Je n’irai pas jusqu’à dire que Padilha tombe dans un discours manichéen, au contraire. Chez lui, tout est forcément complexe. Trop complexe. On aurait même envie de lui suggérer de faire plus simple. L’utilisation constante d’une voix-off encombre le récit au point d’en être absurde. Citons seulement ce passage du deuxième épisode où Pablo Escobar est arrêté – ce spoiler est absolument nécessaire, sorry. Alors qu’il passe par l’identification des criminels, l’omniprésente voix-off nous prédit l’avenir: « Pablo ne le sait pas encore, mais cette photo lui apportera beaucoup de souffrances ». Etait-il nécessaire de le dire ? José Padilha croit tellement en sa propre complexité qu’il nous explique ce qui apparaît comme une évidence.

Capture d'écran d'une scène de "Narcos" mise en ligne sur Netflix
Capture d’écran d’une scène de « Narcos » mise en ligne sur Netflix

A en juger par certains critiques brésiliens, le réalisateur du très acclamé « Troupe d’Elite » témoigne son admiration à Martin Scorsese en insérant intempestivement une voix-off dans ses films. Le geste est louable. Pour autant, il sert plus à le rassurer dans ses certitudes qu’à rendre hommage au réalisateur de Goodfellas. Padilha veut nous faire croire qu’il a raison, et pour ce faire il nous prive de tout jugement autre que le sien.

Une récente interview du réalisateur nous le confirme.
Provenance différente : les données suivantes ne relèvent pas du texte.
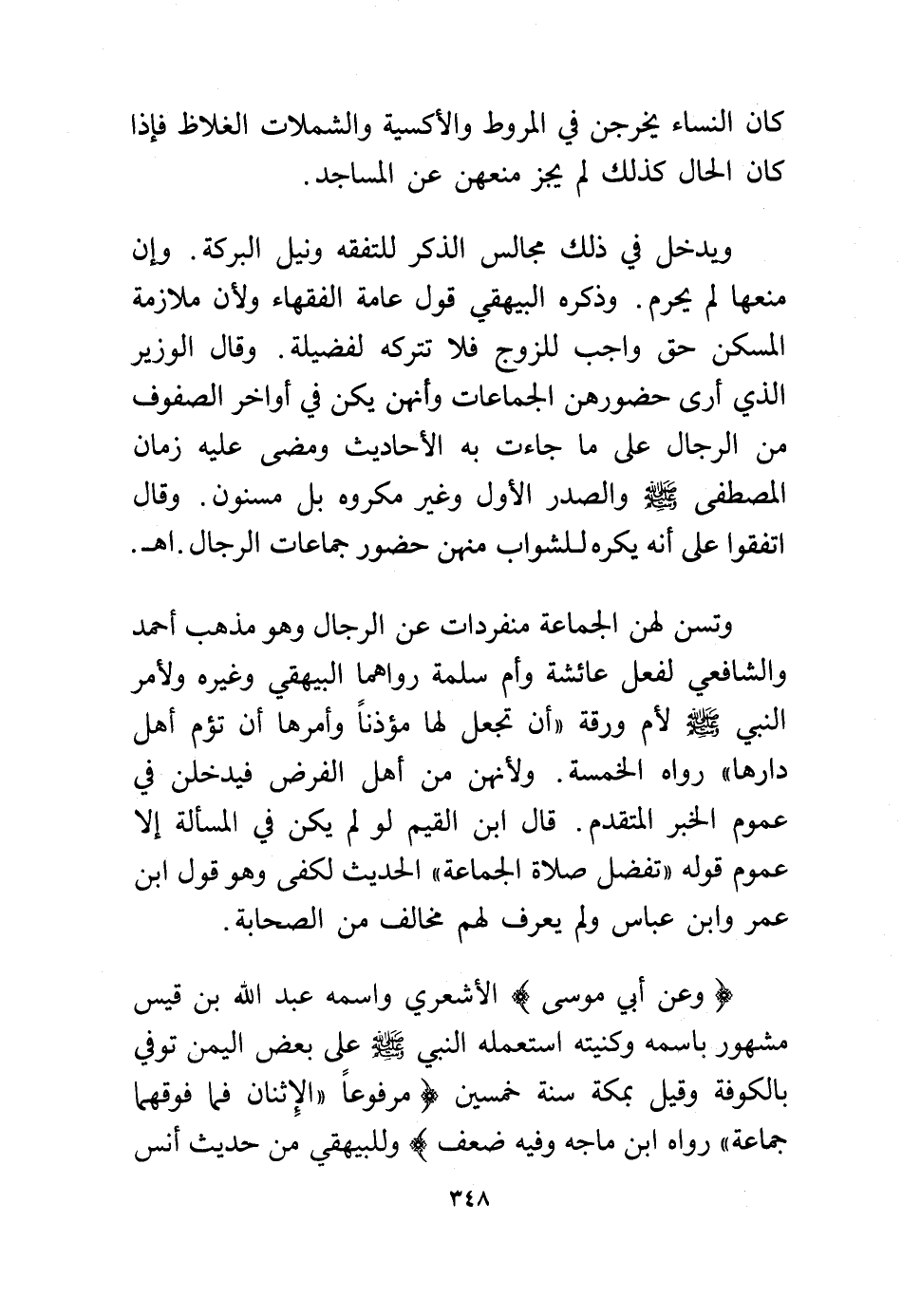 وتسن لهن الجماعة منفردات عن الرجال وهو مذهب أحمد والشافعي لفعل عائشة وأم سلمة رواهما البيهقي وغيره ولأمر النبي – - صلى الله عليه وسلم - لأم ورقة "أن تجعل لها مؤذنًا وأمرها أن تؤم أهل دارها" رواه الخمسة. ولأنهن من أهل الفرض فيدخلن في عموم الخبر المتقدم. قال ابن القيم لو لم يكن في المسألة إلا عموم قوله "تفضل صلاة الجماعة" الحديث لكفى وهو قول ابن عمر وابن عباس ولم يعرف لهم مخالف من الصحابة.

A ses risques et périls, José « do Brasil » – comme l’a nommé un critique carioca – se livre à l’exercice de l’analyse politique n’hésitant pas à égratigner l’ancien président Lula da Silva qu’il traite « d’escroc de seconde zone ».

Padilha fustige la corruption qui gangrène le Brésil (et il a raison); réprouve l’initiative des polices communautaires (UPP) qui « occupent » les favelas afin de les pacifier: « Avant d’occuper les favelas, c’est la police qu’il faudrait occuper« . Suivez mon regard.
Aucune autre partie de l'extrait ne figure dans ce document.